国立・『曽我梅菊念力弦』

kenboutei2006-01-08

今年最初の歌舞伎。国立劇場の通し狂言。当日券買おうと電話したが、なかなか繋がらなかった。どうやら他の公演の前売りと重なったらしい。30分程経った後に繋がったが、今月は結構混んでいるようで、二階3列目での観劇となった。でも歌舞伎座と異なり、花道も良く見え、舞台全体を観るには悪くない席だった。
『曽我梅菊念力弦』は、168年ぶりに復活された南北作品。例のごとく、長くて複雑な筋を、かなり大胆にカット・編集しているが、南北の香りを残しつつ、現代の観客にマッチするような娯楽作品に仕上がっていたと思う。
後ろの席にいた老齢の男性が、途中、「こんなに短くなってたら、大南北が泣くなあ」と呟いていたが、自分も含めて大抵の観客は原作も読んでいないだろうし、曽我物語はともかく、パロディ化されている「おその六三郎」や「おはん長右衛門」の元筋を知らないという前提で考えると、こういう形になるのはやむを得ないと思う。
「銭湯の場」でのチャリっぽいやりとりは、いかにも菊五郎劇団で楽しめたし、「長兵衛内の場」の、歌舞伎(南北)ならではの辻褄合わせも、テンポの良い運びで面白かった。
もっとも、筋書を読む限り、菊五郎が赤ん坊を殺す場面があるはずなのだが、今日は殺さずに進んだ。これも、芝居を作って行く過程で、現代の観客には酷すぎると変更したのだろうが、そこまで改変する必要はなかろうとも思った。
芝雀のおきぬの鳥目が突然治ったり、松緑の七郎助が、おきぬが長兵衛の家に戻ってきているのを不審がらないなど、細部にまだ不整合の部分はいくつか残っていたが、全体的には、今に通用する水準の通し狂言となっており、国立劇場の復活狂言への取組みとしては、評価されて良い仕事だったと思う。
初春狂言として織り込まれている曽我物の部分は、付け足し感が強く、これがなくても本筋には全く影響がないが、これはこれで、目出たくて結構。
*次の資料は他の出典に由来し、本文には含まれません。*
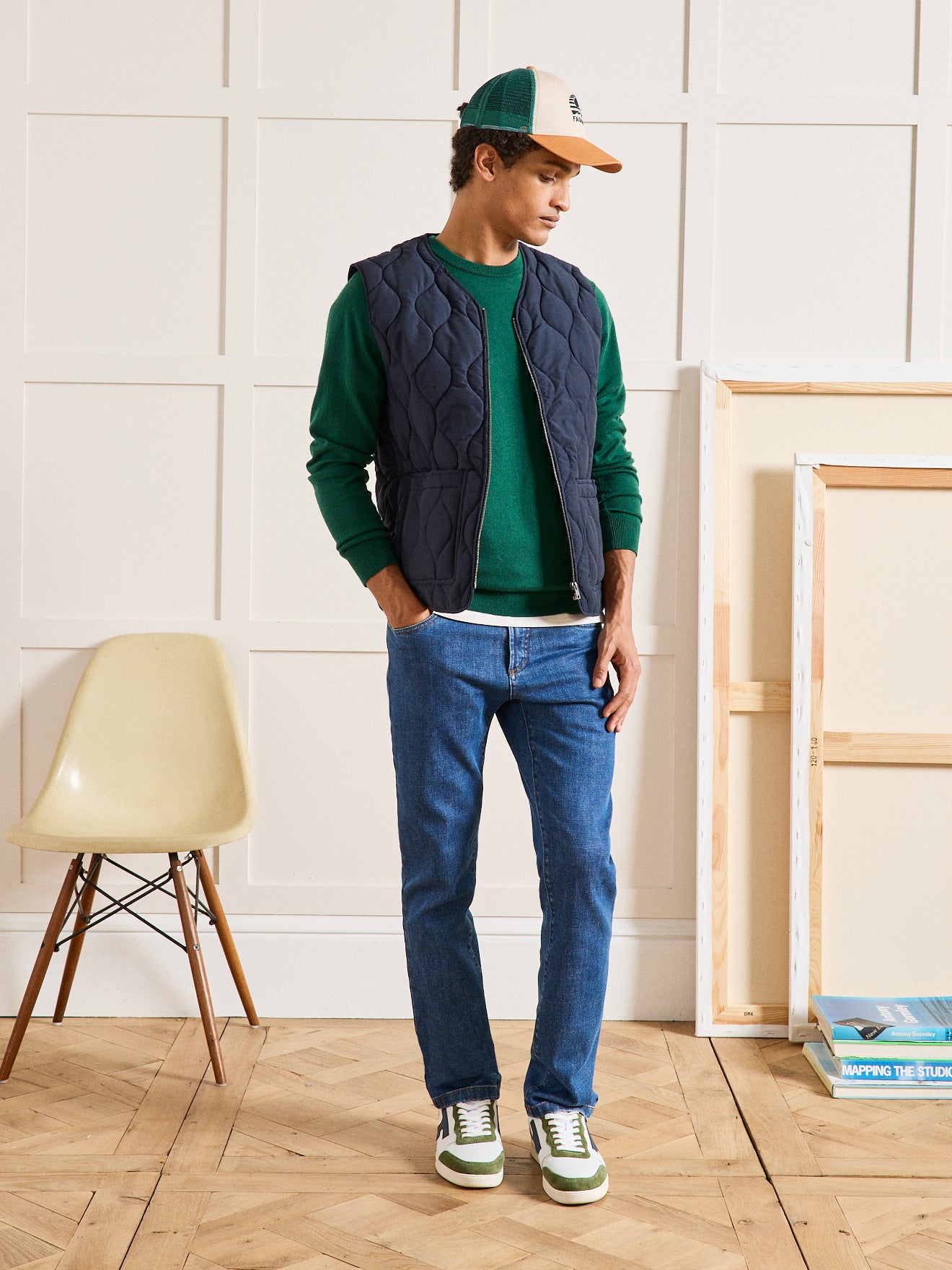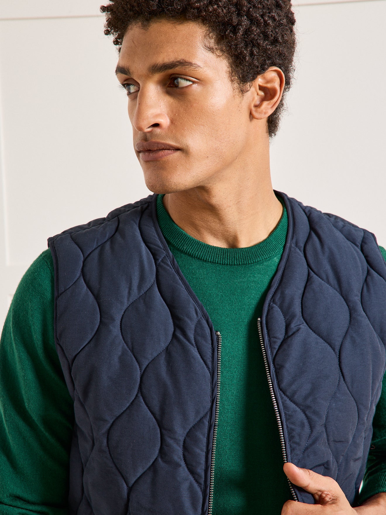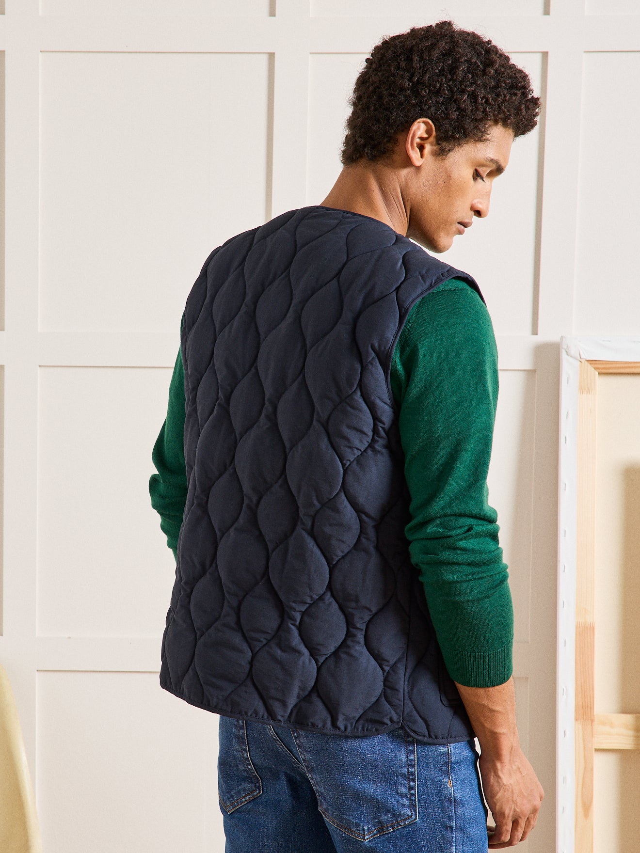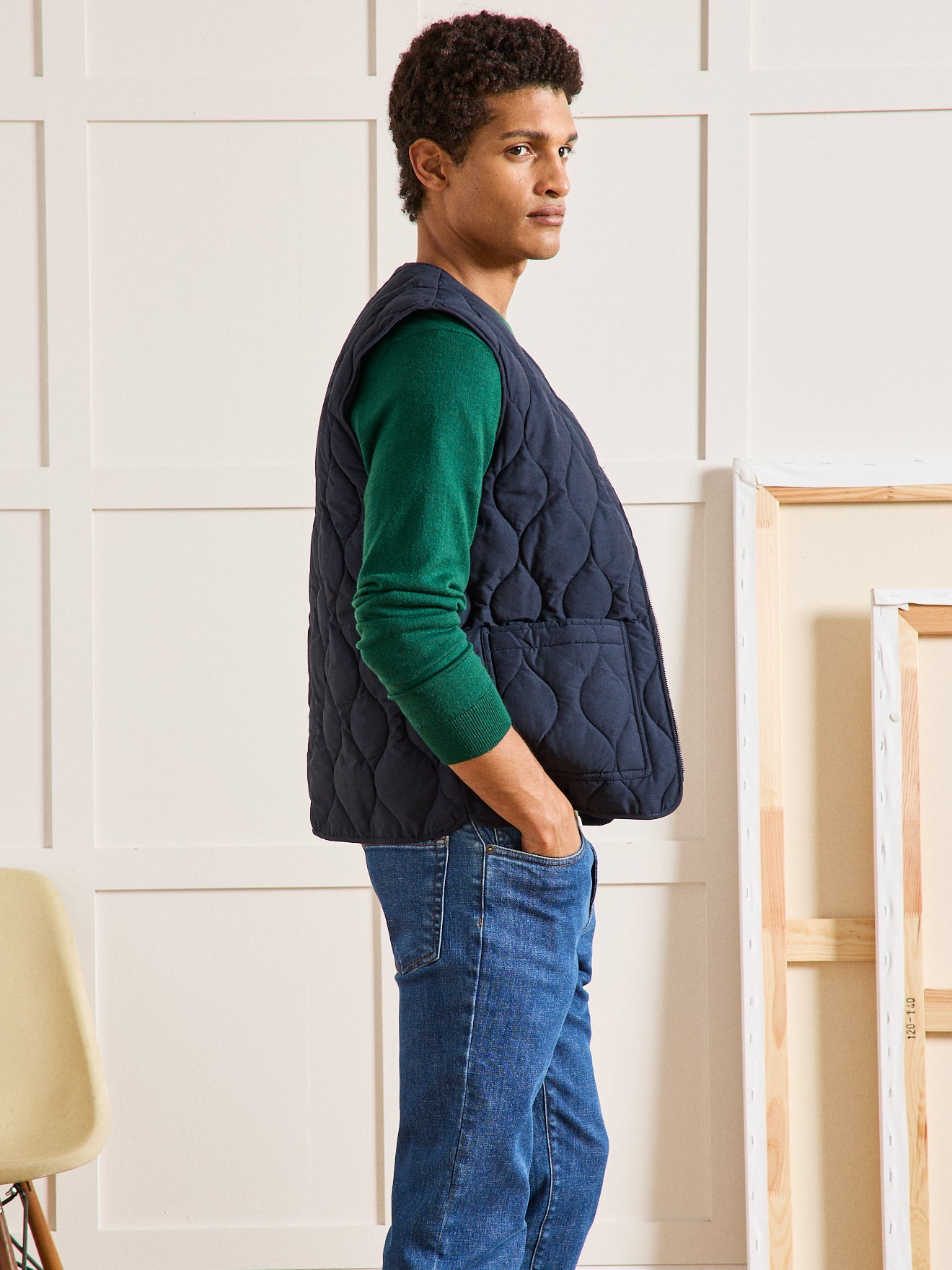 Wear this jacket over a sweater or with jeans or chinos, even below a jacket. Timeless and easy-wear for every day, this quilted sleeveless jacket can be layered for modern looks that finish a silhouette for warm style. Updated with a modern modern matte fabric, this jacket also has a decorative quilting for unique style.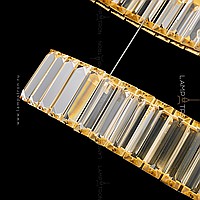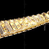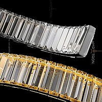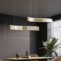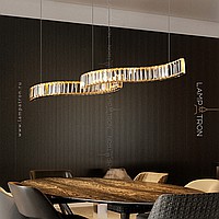 A series of slatted LED luminaires with rectangular crystal diffusers on a curved body

(正直、少しウトウトしたが)
「対面」が世話っぽくなっており、工藤が一軒家の中にいるという設定が、面白かった。
今回、つくづく思ったのは、菊之助が、ついに菊五郎劇団の立女形になったということ。菊五郎に対して全く見劣りすることがない。「銭湯の場」で花道から出てきた時の艶っぽさといったらなかった。菊之助目当てにもう一度観てもいいくらいだ。(日程的に行けないが)
團蔵の長兵衛が、この芝居で一番の出来。彼の活躍がなかったら、多分失敗作になっていたかも。
このまま歌舞伎座にかけても面白いし、富十郎の代わりに菊五郎を上置きにし、曽我の部分を省略、松緑菊之助コンビで地方巡業しても、充分成り立つとも思った。